Abbati expects a class of about 30 students. She said that district officials have not decided whether the 180-minute class will be in the morning or afternoon or at which school site.

“We anticipate that this will be a popular program in our district,” she said.

According to Stark, district officials presented the program to the board in a Nov. 15 meeting as well as conducted a two-hour strategy meeting with kindergarten teachers and principals in the district on Dec. 1.

Abbati said it will cost the district an additional $100,000 to run the program for a teacher’s salary and benefits, classroom space and furniture.

In the coming months, the district will continue to do community outreach and develop the program it's calling “TK.”

District leaders will visit a transitional kindergarten site that is already operating in the Gilroy Unified School District to learn more about the program, they said.

In other news, the board voted unanimously to accept the district’s first interim budget for the 2011-12 fiscal year.

District Assistant Superintendent of Business Services Leslie Paulides and Budget Analyst Tom Gray presented the report, which outlines an adopted $17 million budget. They cited the biggest changes in the district's budget are projections of property tax increases for residents of only .37 percent—far off from the district's projection of 1.5 percent.

The district's budget will also have increases of only 2 percent in property taxes during the next two years, instead of 3 percent, they explained.

Paulides said that the dip in property tax revenue has not drastically changed the budget outcome.

“We don’t re-do a budget during the first and second interim report,” Paulides said. “The first interim budget is the easiest to talk about because there aren’t too many changes.”

Paulides did point out that the district will see a big change in the 2014-15 school year when its current six-year parcel tax expires and the board could look at another ballot initiative to extend the revenue source.

“There might be a landscape where tough decisions will be made,” she said. “Another election for the parcel tax is something on the horizon that we would have to look at.”
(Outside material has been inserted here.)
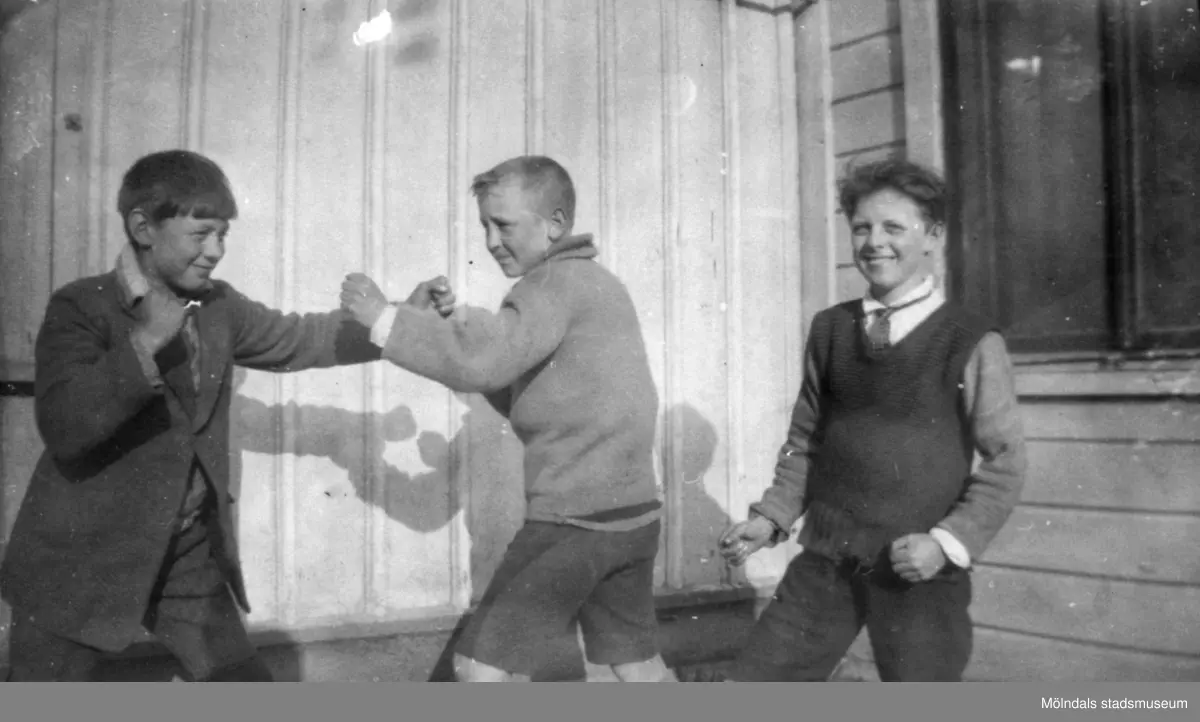 Två killar som låtsas-bråkar och en ung Helmer Garthman längst till höger. 1920-tal.

To the district’s surprise, enrollment is increasing, but slower than anticipated. As of Nov. 11, LGUSD had 3,078 students, and has budget allotment for an additional 50 students by the end of the school year.

Paulides said that the reason for the slowed increase is because the district calculated that the proposed Albright Way development would bring additional children into the district. However, the development will now only include senior housing as stipulated by the Los Gatos Town Council.

District officials also mentioned that Santa Clara County property tax roll corrections are at the highest in history. As of Nov. 21, the Santa Clara County Assessor’s Office had $80 million in property appeals and adjustments, which would make the district lose out on hundreds of thousands of revenue.